=== Problem ===
Set down, exactly and with nothing added, the lines running from the one that holds "Parche bordado médico" to the final line of the records. Pictures stay out of the copy.

=== Dataset content ===
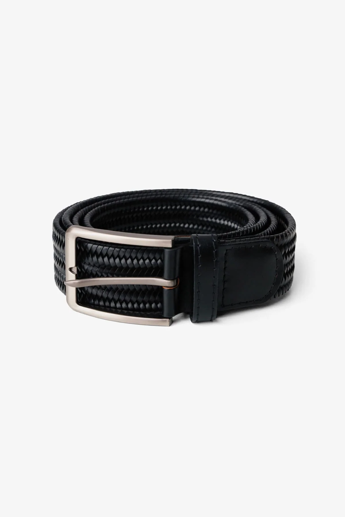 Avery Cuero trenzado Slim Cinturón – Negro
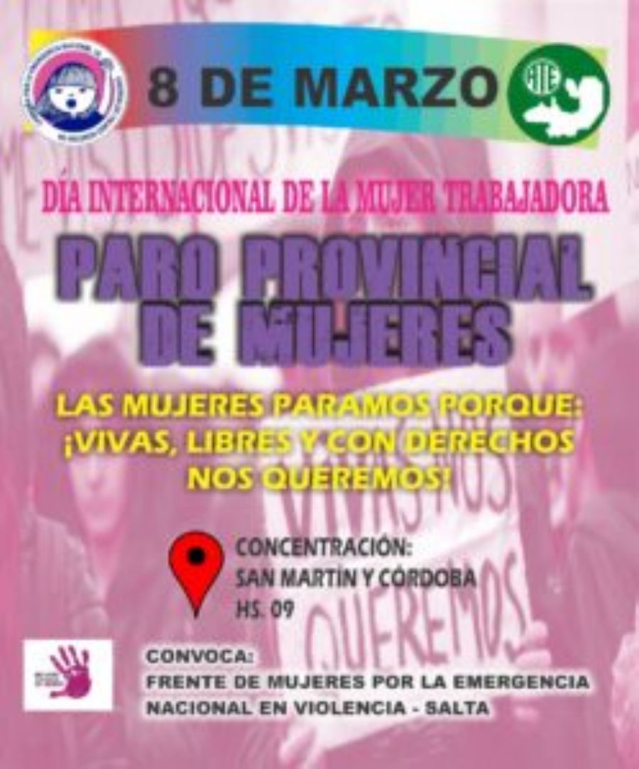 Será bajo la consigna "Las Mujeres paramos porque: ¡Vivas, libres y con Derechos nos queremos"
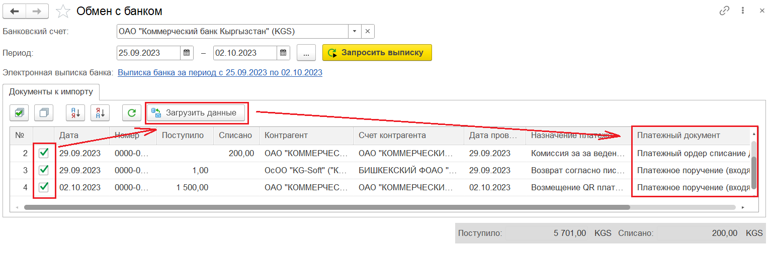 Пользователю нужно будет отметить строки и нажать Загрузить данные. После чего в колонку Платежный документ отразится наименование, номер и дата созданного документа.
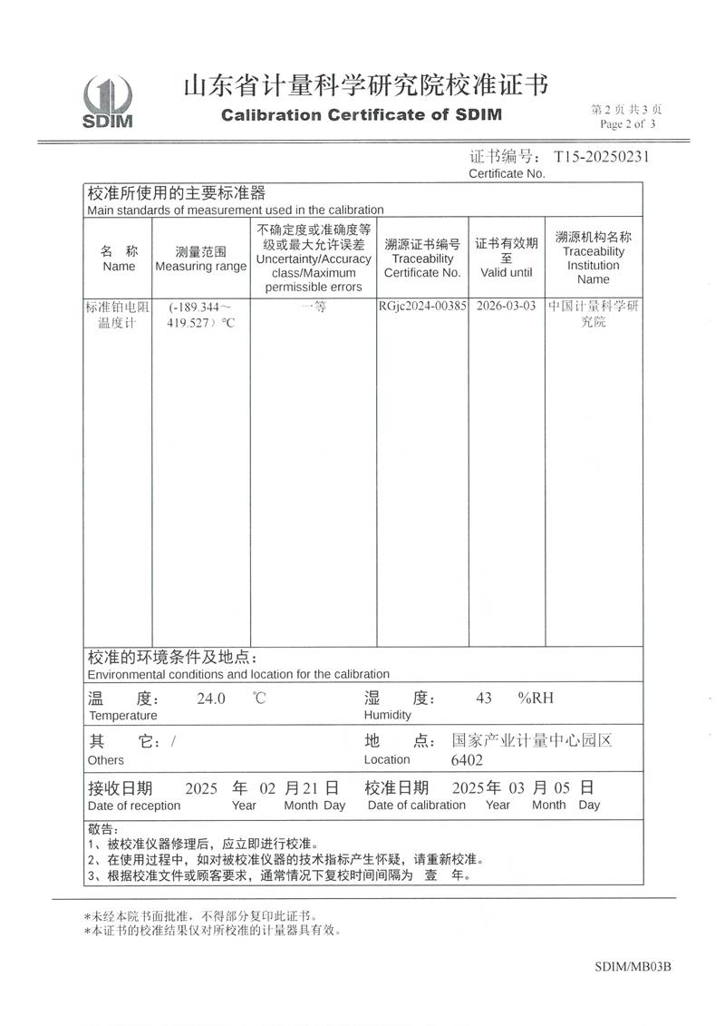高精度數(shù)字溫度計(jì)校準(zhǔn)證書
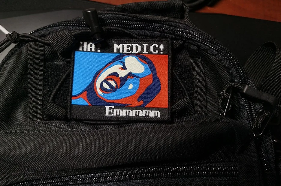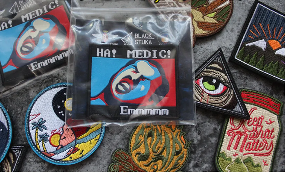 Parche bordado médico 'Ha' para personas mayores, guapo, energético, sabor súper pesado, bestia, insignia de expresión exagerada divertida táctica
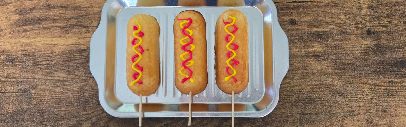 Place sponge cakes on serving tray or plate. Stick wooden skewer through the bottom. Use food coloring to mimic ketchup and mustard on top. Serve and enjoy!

=== The answer ===
 Parche bordado médico 'Ha' para personas mayores, guapo, energético, sabor súper pesado, bestia, insignia de expresión exagerada divertida táctica
 Place sponge cakes on serving tray or plate. Stick wooden skewer through the bottom. Use food coloring to mimic ketchup and mustard on top. Serve and enjoy!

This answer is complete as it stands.